Note that, for any $ x\in\mathbb{R}_{-} $, we have : \begin{aligned}\left|x-\ln{\left(1+x\right)}\right|=x^{2}\int_{0}^{1}{\frac{1-t}{\left(1+xt\right)^{2}}\,\mathrm{d}t}\leq \frac{x^{2}}{\left(1+x\right)^{2}}\int_{0}^{1}{\left(1-t\right)\mathrm{d}t}=\frac{x^{2}}{2\left(1+x\right)^{2}}\end{aligned}

Thus, if $ n $ is a positive integer greater than $ x^{2} $, we have : \begin{aligned}\left|-\frac{x^{2}}{n}\sum_{k=1}^{n}{\left(\frac{k}{n}\right)^{2a}}-\sum_{k=1}^{n}{\ln{\left(1-\frac{x^{2}k^{2a}}{n^{2a+1}}\right)}}\right|&=\sum_{k=1}^{n}{\left(-\frac{x^{2}k^{2a}}{n^{2a+1}}-\ln{\left(1-\frac{x^{2}k^{2a}}{n^{2a+1}}\right)}\right)}\\ &\leq\frac{x^{4}}{2n^{4a+2}}\sum_{k=1}^{n}{\frac{k^{4a}}{\left(1-\frac{x^{2}k^{2a}}{n^{2a+1}}\right)^{2}}}\\ &\leq\frac{x^{4}}{2n\left(1-\frac{x^{2}}{n}\right)^{2}}\times\frac{1}{n}\sum_{k=1}^{n}{\left(\frac{k}{n}\right)^{4a}}\underset{n\to +\infty}{\longrightarrow}0\times\int_{0}^{1}{x^{4a}\,\mathrm{d}x}=0\end{aligned}

(To get the last inequality, we used that $ k\leq n $)

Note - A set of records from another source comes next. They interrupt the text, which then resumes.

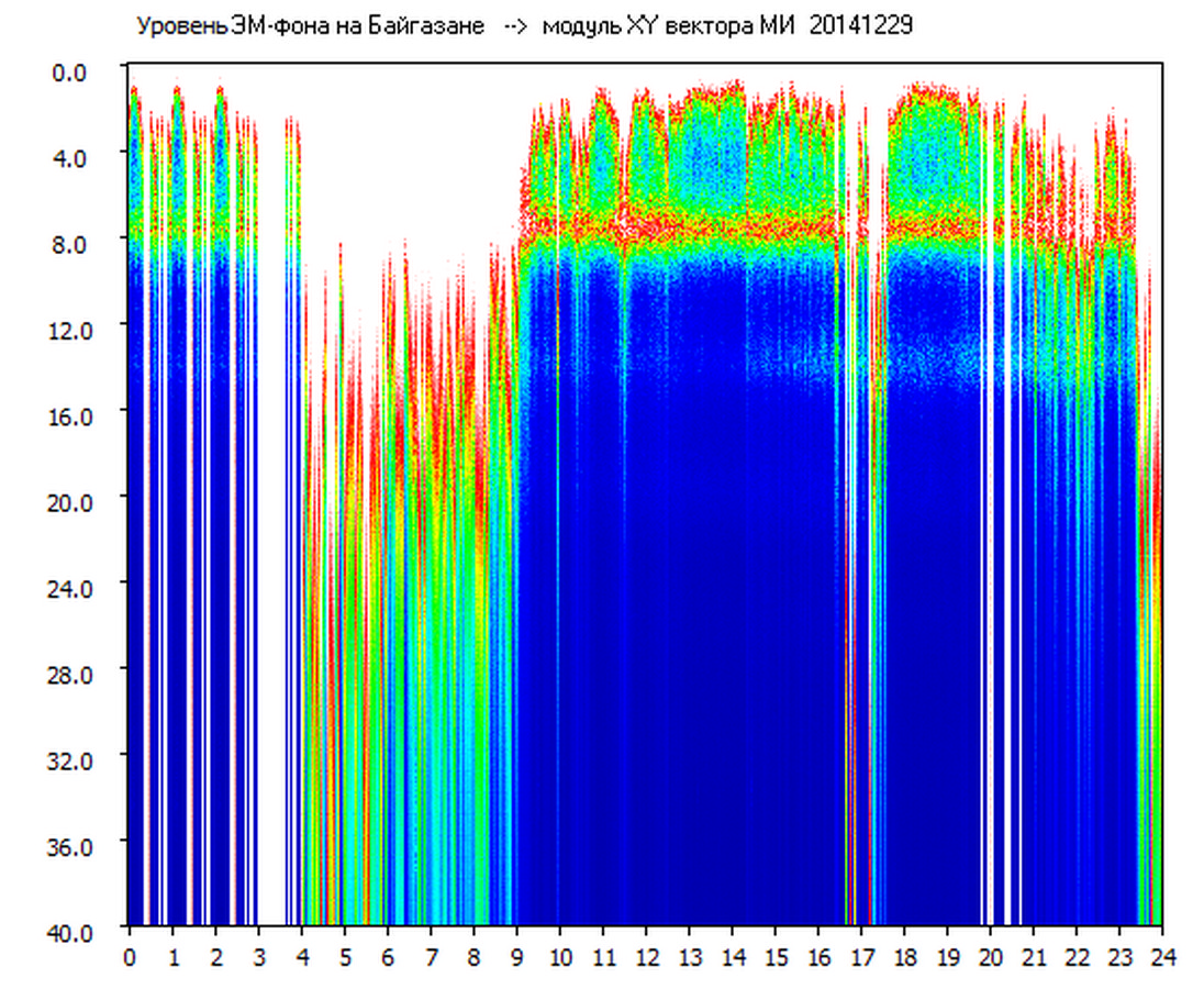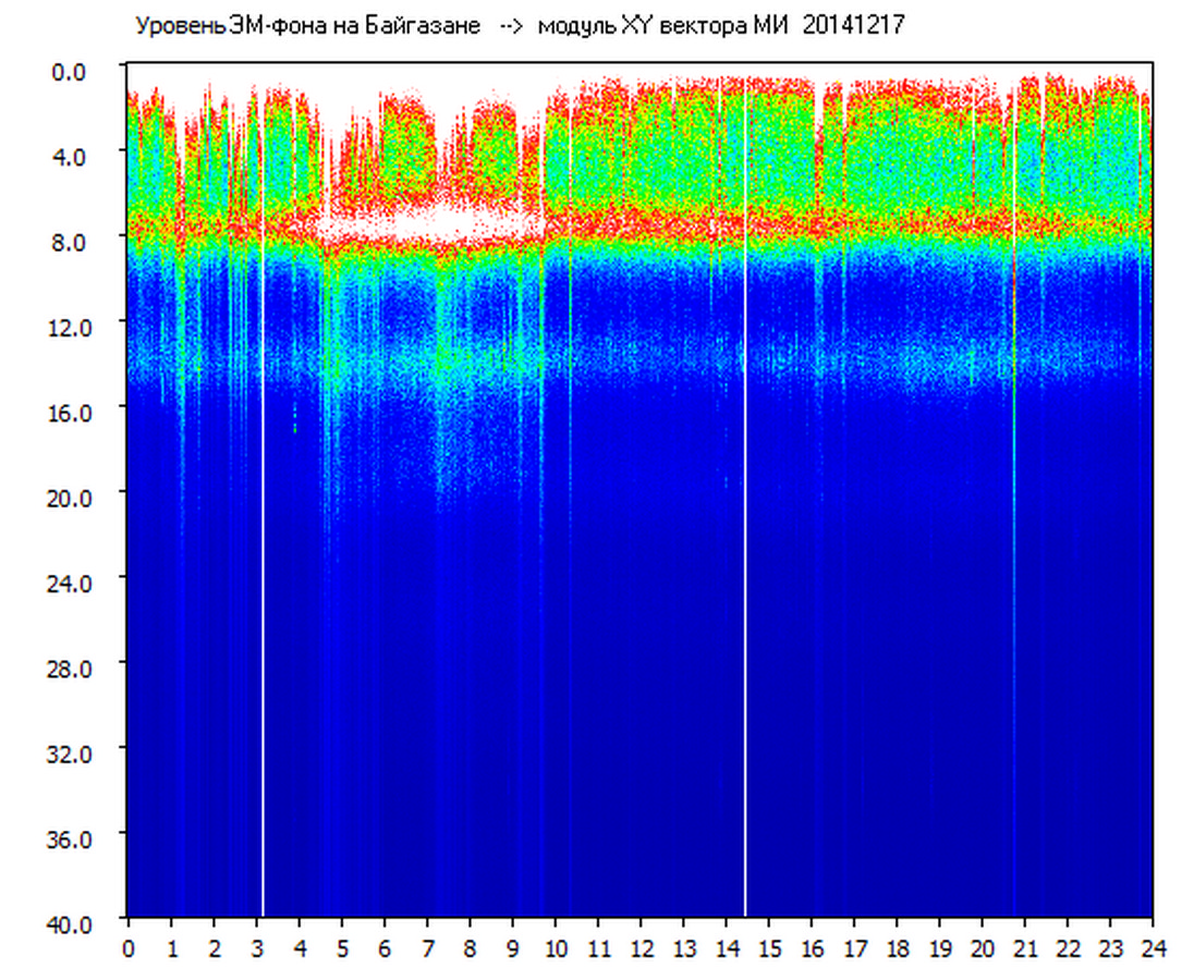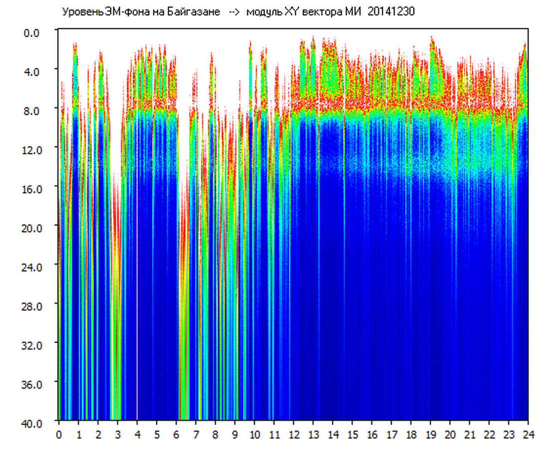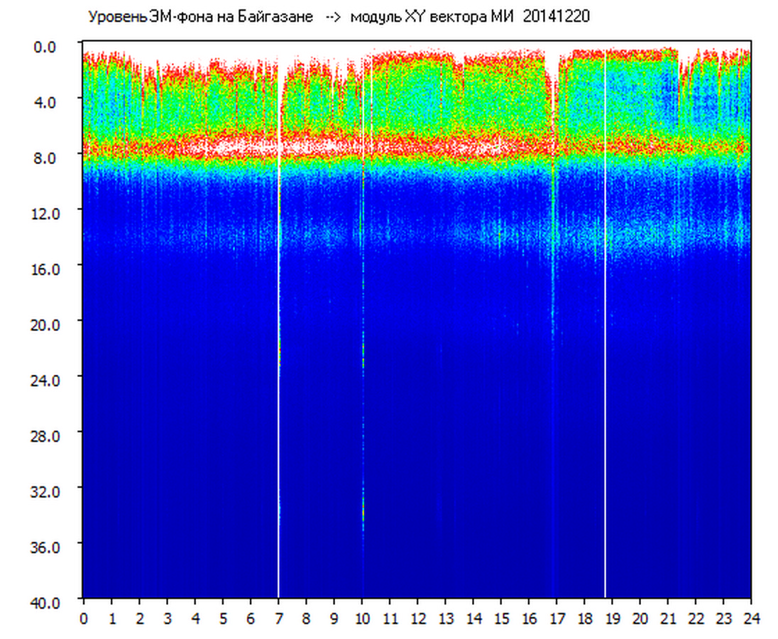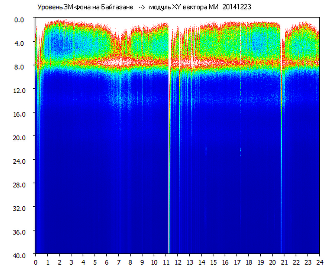 Динамические спектры электромагнитного фона в полосе частот 0 – 40 Гц (Шумановские резонансы)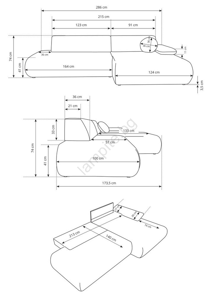 • Елегантните крака (височина 3,5 cm) придават на дивана модерен облик и същевременно осигуряват стабилност и дълъг експлоатационен живот.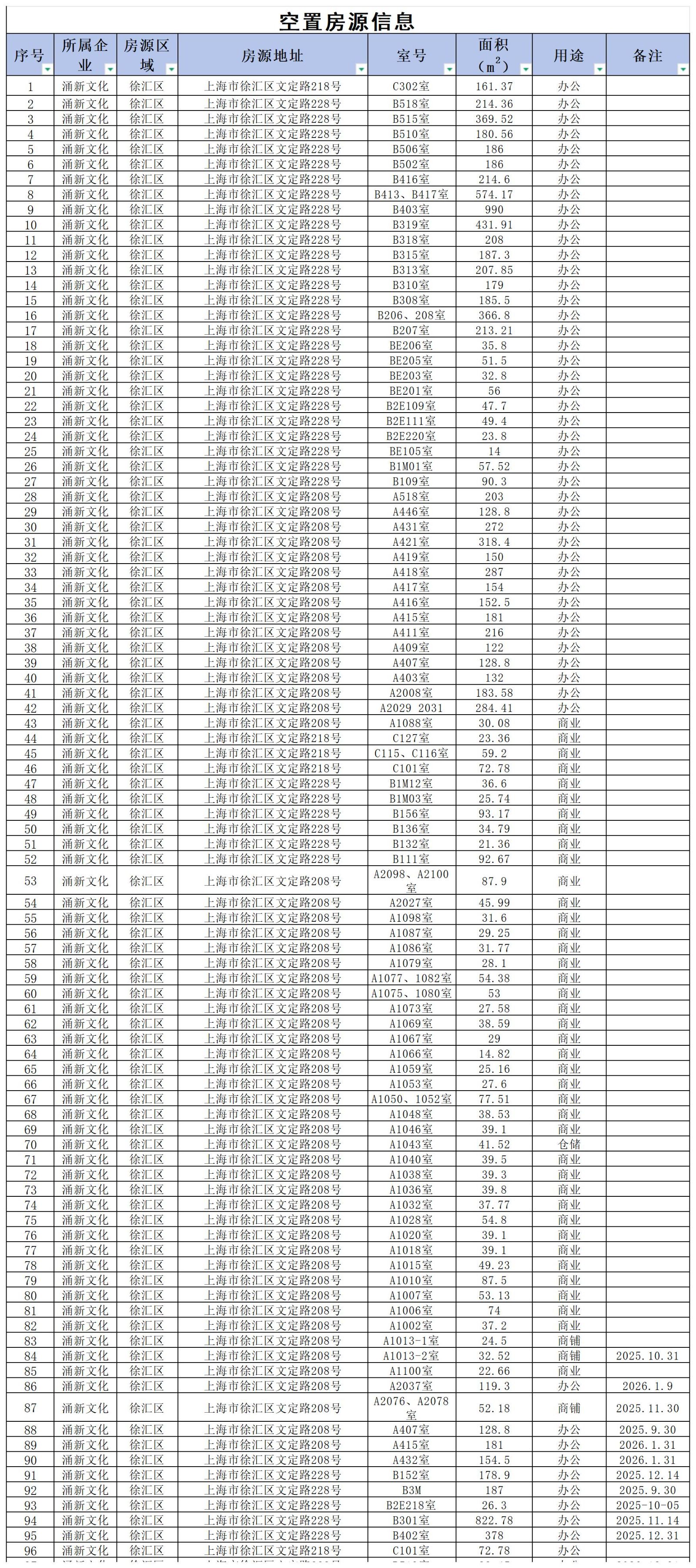 上海服装集团2025年10月空置及11月-26年1月到期房源信息公开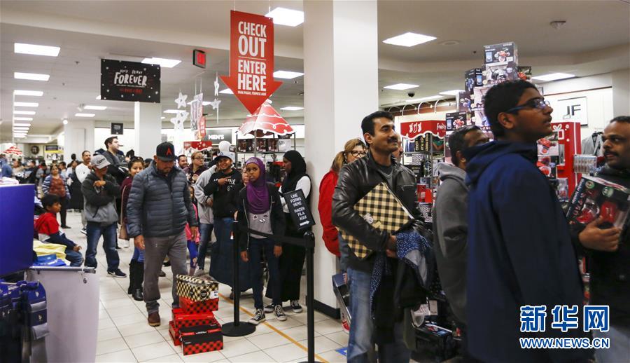 11月28日,人們?cè)诿绹永D醽喼菔グ材鹊囊患疑虉?chǎng)內(nèi)選購“黑五”促銷商品。新華社記者李穎攝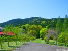 尾根上の林道に平行する歩道を辿ると芝生の広場に出て、正面になだらかな吾国山が現れる。左に建ち並ぶ赤い屋根の建物は、かつての「吾国山洗心館」と称する青少年教育施設だが、H20年度末で閉鎖されて立入禁止となっている。しかし、まだ最小限の手入れはされているようだ。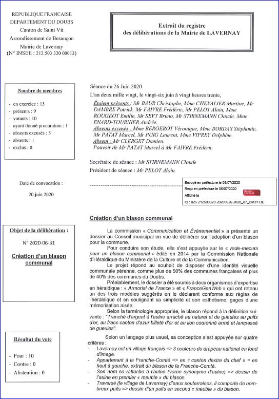 Extrait du Registre des Délibérations du Conseil Municipal du 26 juin 2020 (1/2).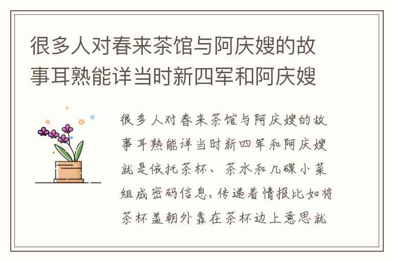 春来茶馆里,茶客们用茶杯盖的位置、豆子的数量、瓜子和红菱等作为特定含义的符号,外人看来只是普通喝茶吃东西的场景,但内部人员通过这些约定好的符号就能传递情报。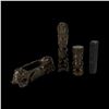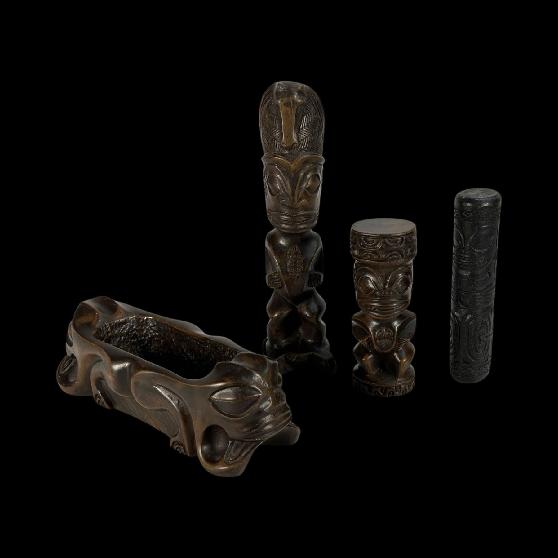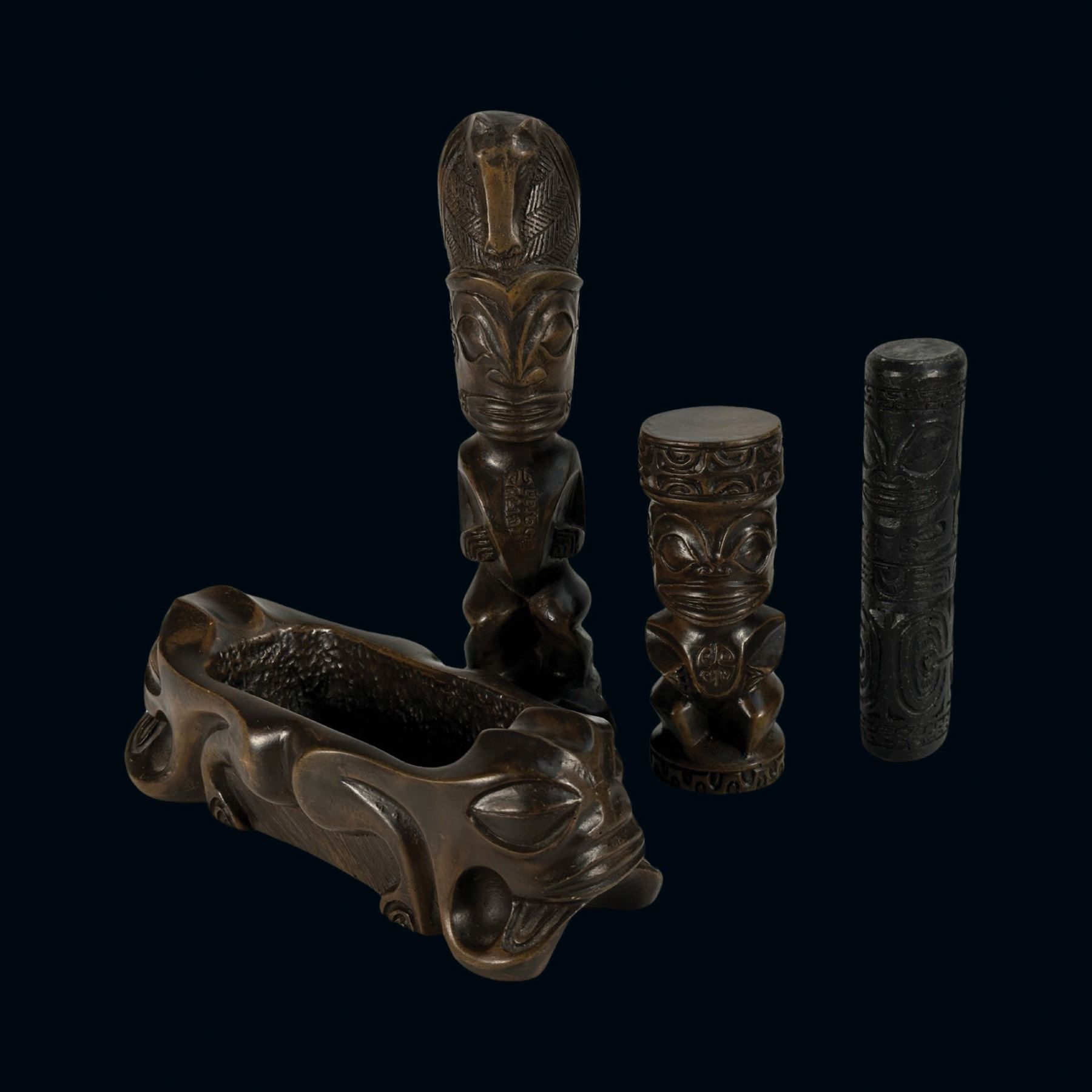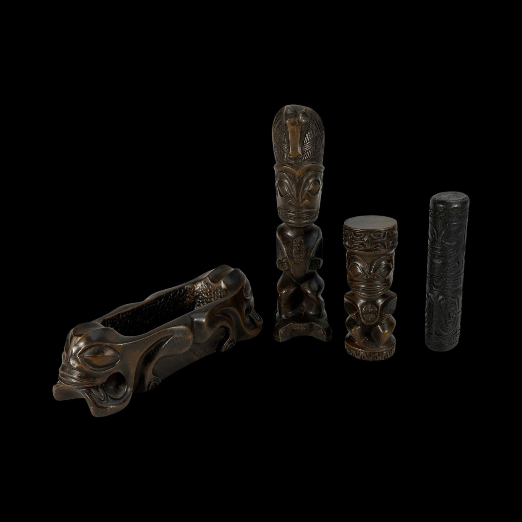 (1960s) A gorgeous set of intricately carved Marquesan design figures executed in what almost feels like ironwood, however is a solid resign with an aged patina. VG+. 2"dia x 5.25".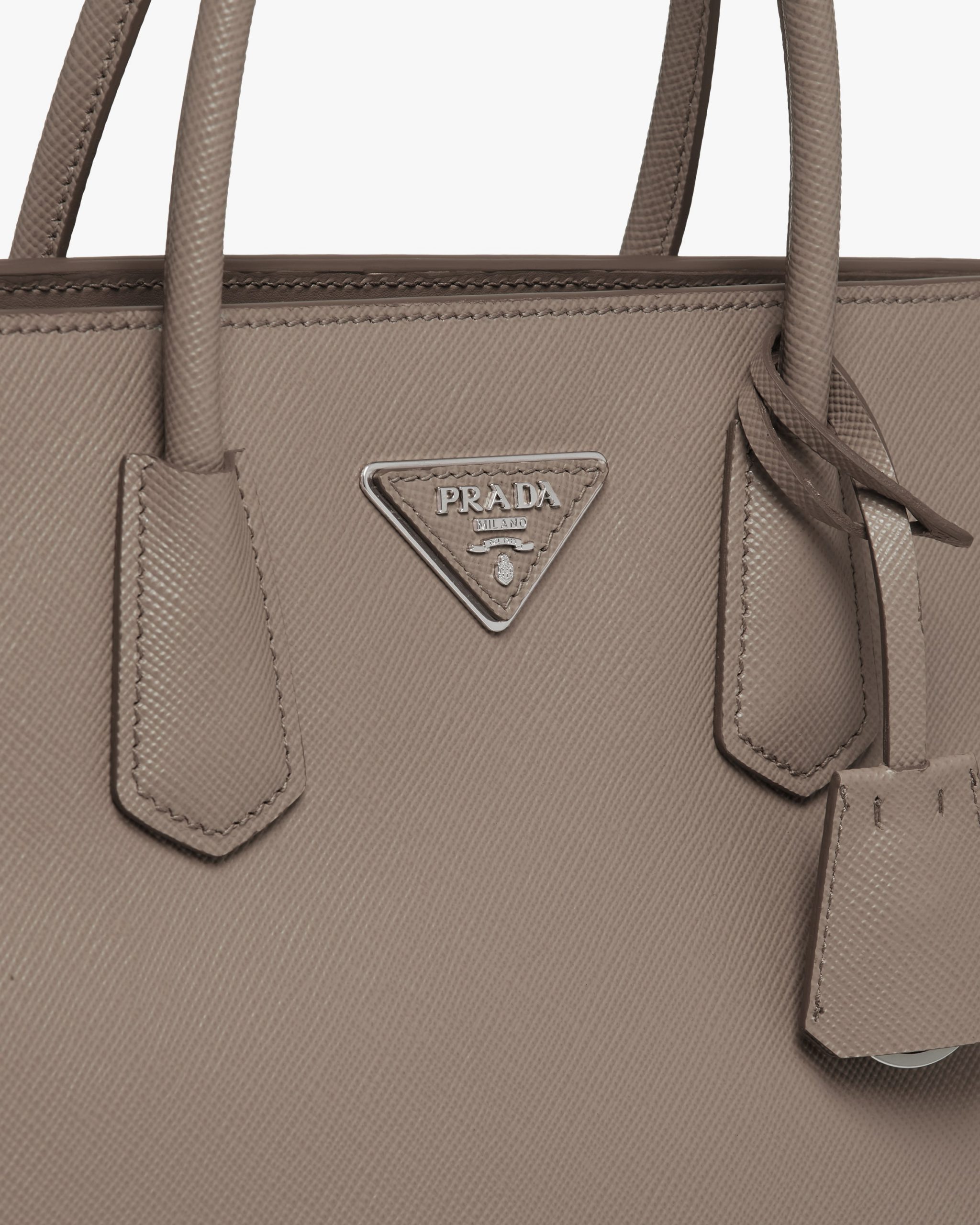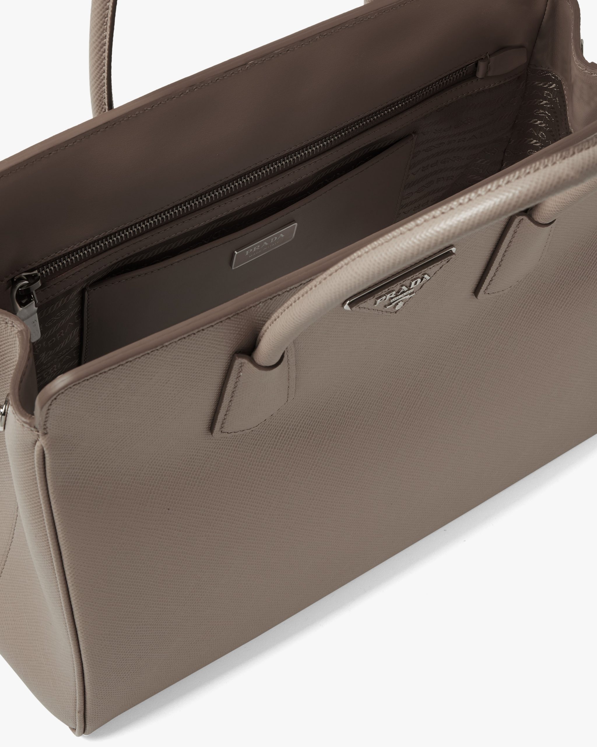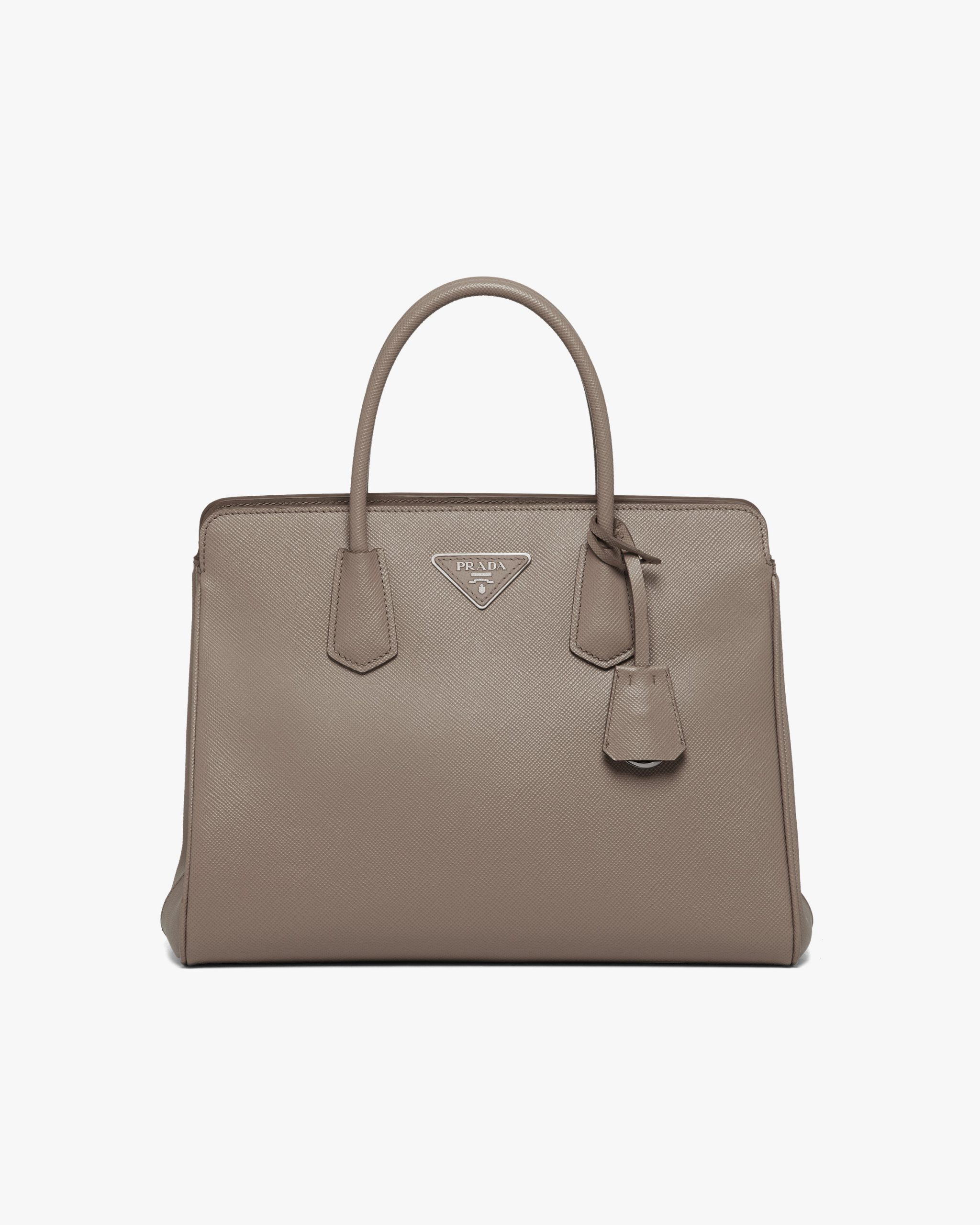 This handbag with a classic, structured design is made of Saffiano leather, an iconic material of the brand characterized by the crosshatch motif and waxed finish. The triangle logo2, first introduced on the trunks designed by Mario Prada, decorates the front. The accessory equipped with a double handle and detachable leather shoulder strap can be worn in several ways.

Thus, $$ \lim_{n\to +\infty}{\sum_{k=1}^{n}{\ln{\left(1-\frac{x^{2}k^{2a}}{n^{2a+1}}\right)}}}=\lim_{n\to +\infty}{\left(-\frac{x^{2}}{n}\sum_{k=1}^{n}{\left(\frac{k}{n}\right)^{2a}}\right)}=-x^{2}\int_{0}^{1}{x^{2a}\,\mathrm{d}x}=-\frac{x^{2}}{1+2a} $$

Since $ \exp $ is a continuous function, $ \prod\limits_{k=1}^{n}{\left(1-\frac{x^{2}k^{2a}}{n^{2a+1}}\right)}=\exp{\left(\sum\limits_{k=1}^{n}{\ln{\left(1-\frac{x^{2}k^{2a}}{n^{2a+1}}\right)}}\right)}\underset{n\to +\infty}{\longrightarrow}\exp{\left(-\frac{x^{2}}{1+2a}\right)} \cdot $

Answer 2

Similar to @CHAMSI's answer $$P_n= \prod_{k=1}^n\left(1-\frac{x^2k^{2\alpha}}{n^{2 \alpha+1}}\right)\implies \log(P_n)=\sum_{k=1}^n\left(1-\frac{x^2k^{2\alpha}}{n^{2 \alpha+1}}\right)\sim -\sum_{k=1}^n \frac{x^2k^{2\alpha}}{n^{2 \alpha+1}}$$ that is to say $$\log(P_n) \sim -x^2 n^{-(2 \alpha +1)} H_n^{(-2 \alpha )}$$ Now, using the asymptotics of generalized harmonic numbers $$\log(P_n) \sim -\frac{x^2}{2 a+1}-\frac{x^2}{2 n}+\cdots$$ and for very large values of $n$ $$P_n \sim \exp\left(-\frac{x^2}{2 a+1}\right)$$

Answer 3

Another approach is the following: the use of integral test for convergence (https://en.wikipedia.org/wiki/Integral_test_for_convergence):

Notice that $$\sum_{k=1}^n\ln(1-\frac{x^2(k+1)^{2\alpha}}{2n^{2\alpha+1}}) \leq\int_{1}^{n+1}\ln(1-\frac{x^2y^{2\alpha}}{2n^{2\alpha+1}})dy\leq\sum_{k=1}^n\ln(1-\frac{x^2k^{2 \alpha}}{2n^{2\alpha+1}}),$$

(We can take $\ln$ since for $n$ big enough $1-\frac{x^2y^{2\alpha}}{2n^{2\alpha+1}}>0$,)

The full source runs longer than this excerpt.